The present study successively concludes the series of long-term cytogenetic studies that were launched in 2006, which initiated with the collection of samples from patients with cancer and control individuals. Initially, in the first retrospective case-control study, the frequencies of chromosomal damage were first measured in 300 newly diagnosed patients with cancer matched with 300 control individuals (11). In that previous study, the group of patients was mainly comprised of those with breast, colorectal, prostate, uterus + ovary, head + neck and bladder + kidney cancers. Comparing the entire group of patients with cancer with control individuals, significant differences in the CA frequencies were found. However, following the classification of each individual patient by tumor type, only patients with certain types of solid tumors differed compared with controls in terms of CA frequencies. Therefore, the present study extended the number of patients by focusing on the cancer types with the highest rates of prevalence, namely BC, CRC and LC. In a previous study, increased levels of chromosomal damage markers were reported in patients with BC, CRC and LC compared with control individuals (12). In the present study, a complex regression analysis was performed to determine the predictive power of each type of CAs. Although statistically significant aORs were found for particular types of CAs in patients with cancer compared with those in control individuals, only higher frequencies of ACs and CAtot were found to influence the risk of BC and LC whereas and CTAs were found to influence the risk of LC from a clinical standpoint. Specifically, patients with elevated ACs and CAtot frequencies were at a higher risk of BC by 48 and 45%, respectively and 38 and 34% for LC, respectively. In addition, higher quantities of CTAs were found to increase the risk of LC by 33%. These observations confirmed the findings from previous studies, which were summarized by Bonassi et al (10). A cohort study conducted in Central Europe previously suggested that CSAs rather than CTAs are more accurate predictors of cancer risk (14). However, a pooled analysis involving >1,000 control individuals revealed an equally strong predictive power of both CTAs and CSAs for cancer (9).
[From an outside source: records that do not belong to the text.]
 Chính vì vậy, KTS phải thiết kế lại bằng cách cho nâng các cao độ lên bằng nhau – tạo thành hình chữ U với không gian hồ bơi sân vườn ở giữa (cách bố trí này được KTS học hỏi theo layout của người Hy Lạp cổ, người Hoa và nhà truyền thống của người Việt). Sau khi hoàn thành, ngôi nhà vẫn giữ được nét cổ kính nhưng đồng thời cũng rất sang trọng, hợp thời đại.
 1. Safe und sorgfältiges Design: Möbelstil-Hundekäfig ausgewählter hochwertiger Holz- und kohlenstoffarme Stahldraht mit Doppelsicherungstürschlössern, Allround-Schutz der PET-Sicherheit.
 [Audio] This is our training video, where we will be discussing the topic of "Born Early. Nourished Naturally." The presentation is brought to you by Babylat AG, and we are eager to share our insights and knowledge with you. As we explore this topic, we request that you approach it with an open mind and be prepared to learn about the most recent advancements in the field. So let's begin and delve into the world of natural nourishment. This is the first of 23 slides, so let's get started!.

Bonassi et al (10), did not find any of the covariates tested, specifically sex, smoking habit, age, time from the test and occupational exposure, to be potential modifiers of the effect of CA levels on the overall cancer risk in the whole cohort. In previous studies (11,12), an effect of age and smoking on cancer risk was found, where these factors were employed to adjust the effect of CAs on BC, CRC and LC risk. The difference in the role of potential effect modifiers could be due to the difference in studied populations. Bonassi et al (10) conducted a study on cancer-free subjects who underwent CA screening for biomonitoring purposes, while our research studied groups consisting of newly diagnosed cancer patients. Cancer incidence is frequently dependent on age which, along with TNM stage, are well-established prognostic factors. However, data on CAs in the present study could be biased by the differences in stage/grade of the tumor and other clinicopathological characteristics at the time of diagnosis.
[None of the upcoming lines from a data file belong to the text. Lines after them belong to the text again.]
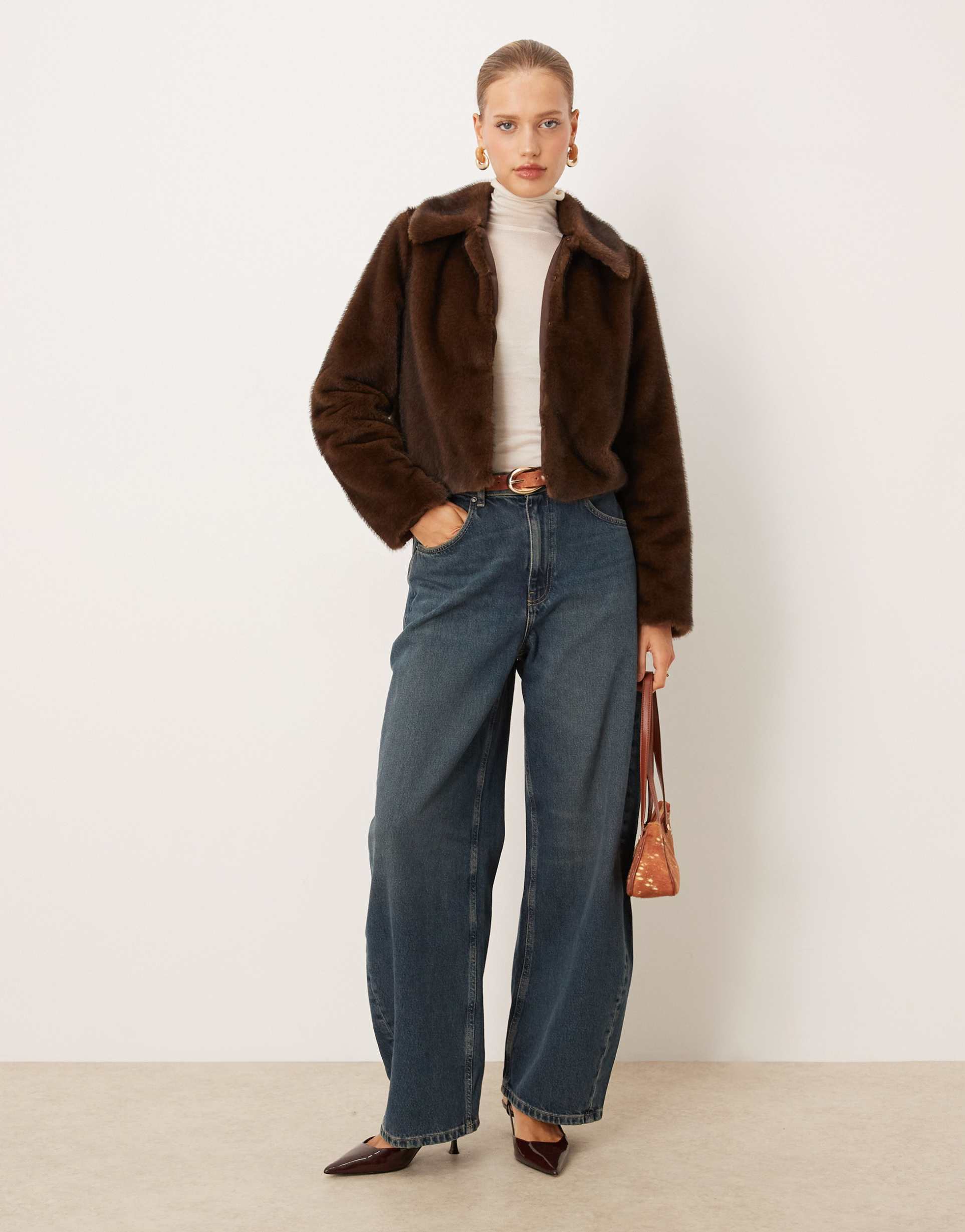 Brown Faux Fur Collar Jacket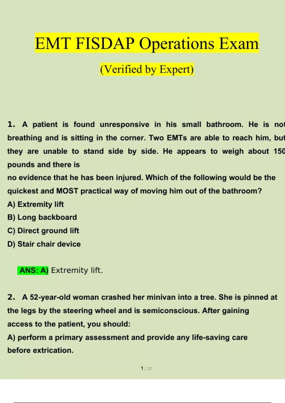 EMT FISDAP Operations Exam Questions and Answers () (Verified by Expert) EMT FISDAP Operations Exam Questions and Answers () (Verified by Expert)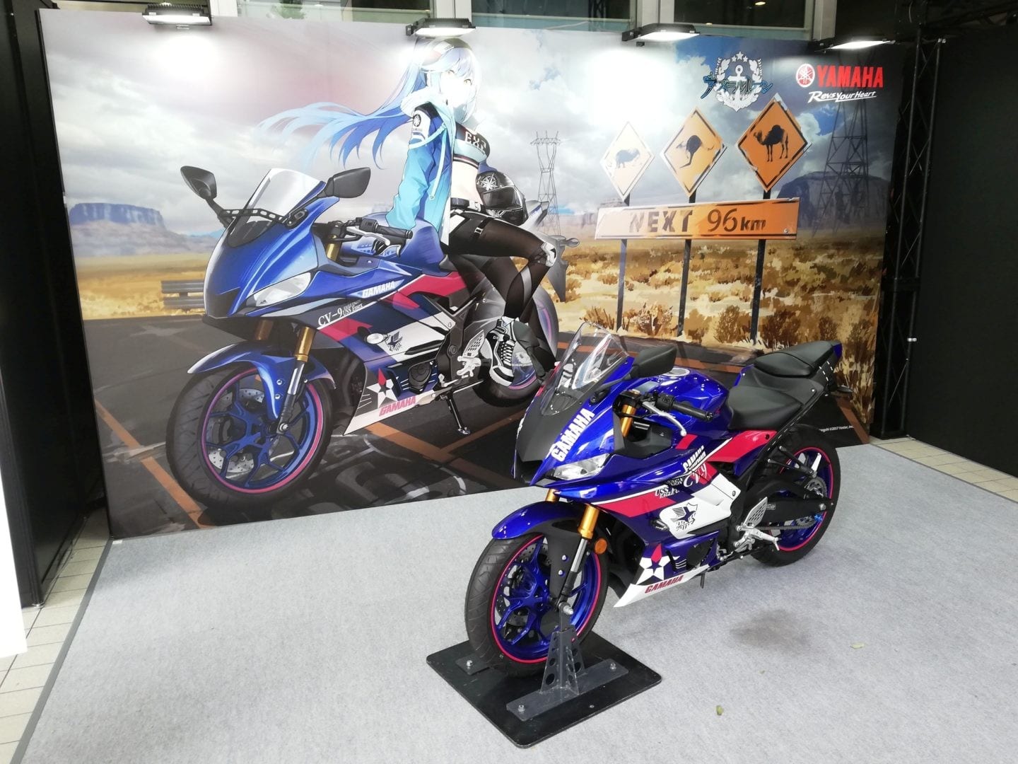 The skin is associated with a “Gamaha” bike that was actually showcased at the 2nd-anniversary event in Akihabara, Tokyo. You can soon expect a full report about that, but in the meanwhile, you can check out the skin below and the bike itself in an image at the bottom of the post.

Measurement of CA frequencies in patients with cancer and healthy individuals was supplemented by TL determination in the present study. Telomeres are nucleoprotein structures that protect chromosomal ends from exonucleolytic degradation and the inappropriate activation of DNA repair pathways, which frequently results in the end-to-end fusion of non-homologous chromosomes (31). Li et al (15) and Xu et al (16), provided evidence that CAs may arise as a consequence of telomere dysfunction and the mechanisms associated with telomere shortening instead of direct DNA damage per se. Additionally, sub-telomeric regions appear to be hotspots for the formation of symmetrical exchanges between homologous chromatids. Cryptic aberrations in these regions have been previously shown to be associated with a number of human congenital abnormalities (4).
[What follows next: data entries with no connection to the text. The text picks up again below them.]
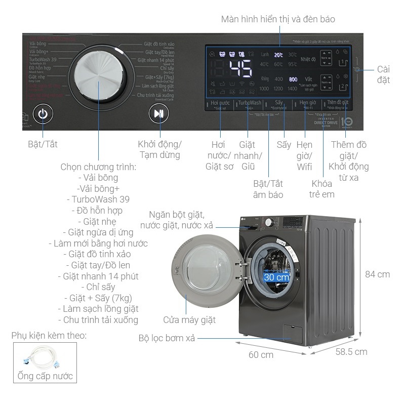 Máy giặt sấy LG giặt 11 kg – sấy 7 kg FV1411H3BA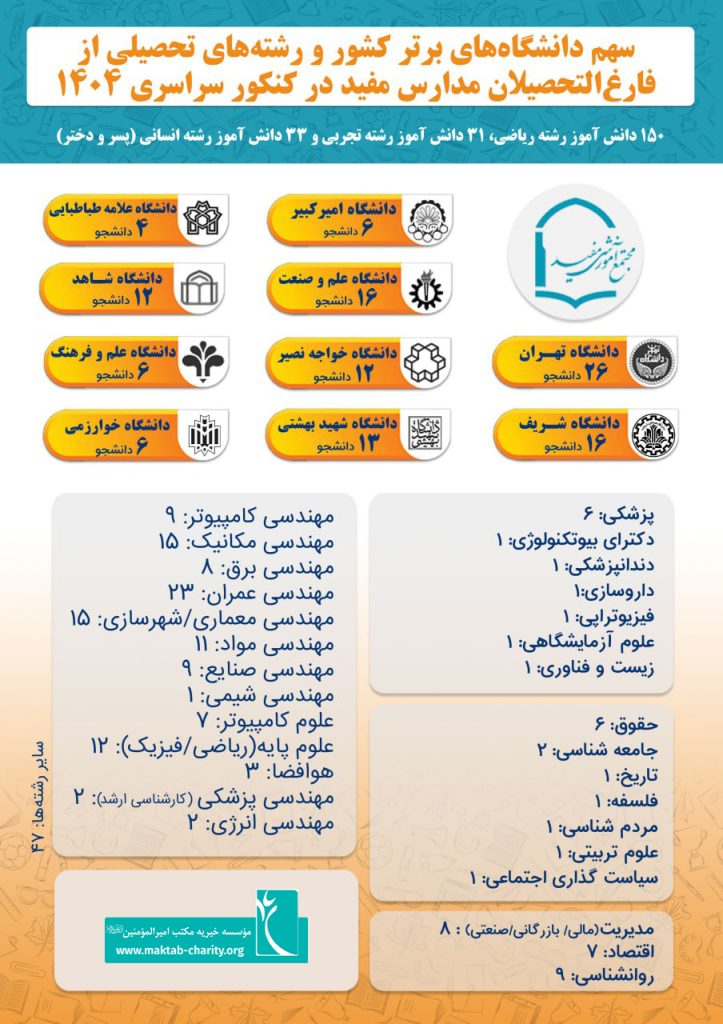 با اعلام نتایج کنکور سراسری ۱۴۰۴، بیش از ۲۱۰ نفر از فارغالتحصیلان مدارس مفید در رشتهها و دانشگاههای تراز اول کشور پذیرفته شدند. دانشگاه تهران، صنعتی شریف، علم و صنعت و امیرکبیر در صدر مقاصد تحصیلی این دانشآموزان قرار دارند. به گزارش روابطعمومی مؤسسه خیریه مکتب امیرالمؤمنین(ع)، مجموعاً ۱۵۰ دانشآموز رشته ریاضی، ۳۱ دانشآموز رشته […]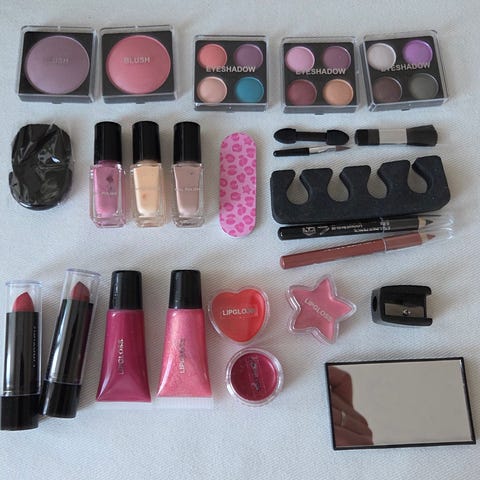 Paljon erilaista kosmetiikkaa, hiustuotteita ja meikkejä myytävänä. Myös kampa-harjasetti.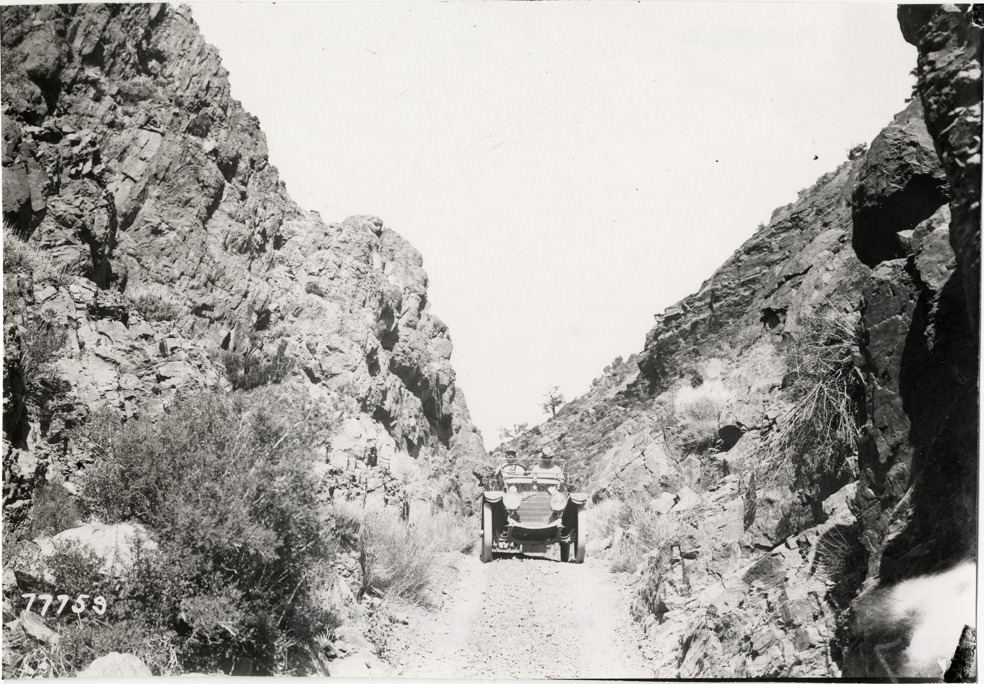 View of motorists in car traveling on mountain road during the 1913 transcontinental tour organized by Indiana Automobile Manufacturers' Association. Handwritten on back: "Tours--I.A.M.A, 1913."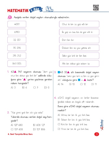 1. 43 941 sayısının okunuşu “dört yüz 3. ∂43 32 altı basamaklı doğal sayının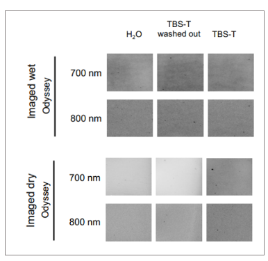 在使用荧光WB法检测低丰度蛋白时,整体载量高且背景自发荧光较低的NC膜是一个折中的选择。为了获得更强的信号,试剂供应商会建议将膜干燥后成像,但同时需要去除封闭液中的吐温20,有一项研究解释了这样操作的必要性。

Comparing the TL between individuals in cancer and control groups, patients with BC were found to exhibit significantly longer TL compared with control individuals. In addition, patients with BC exhibited the longest TL of all groups investigated in the present study, including individuals in the CRC, LC and control groups. This observation may be explained by the fact that females typically harbor longer telomeres compared with males (32), where the set of patients with BC in the present study are comprised of only women. A number of hypotheses have been postulated to clarify this association, one of which is the presence of estrogen (33). An estrogen-responsive element has been previously demonstrated in telomerase reverse transcriptase (hTERT), a catalytic subunit of the enzyme telomerase (34). Telomerase is responsible for extending the telomeric DNA at the very tips of linear chromosomes, thereby preventing the loss of genetic material in proliferating cells (18). Estrogen is also known to stimulate telomerase activity in breast cancer cells (35) where a functional estrogen response element has been identified in the proximal promoter of the hTERT gene. Therefore, direct estrogen effects have been considered to be a part of the telomerase induction mechanism (36). Supporting this, overexpression of estrogen has been reported to be one of the typical features of breast tumors and risk factors for BC.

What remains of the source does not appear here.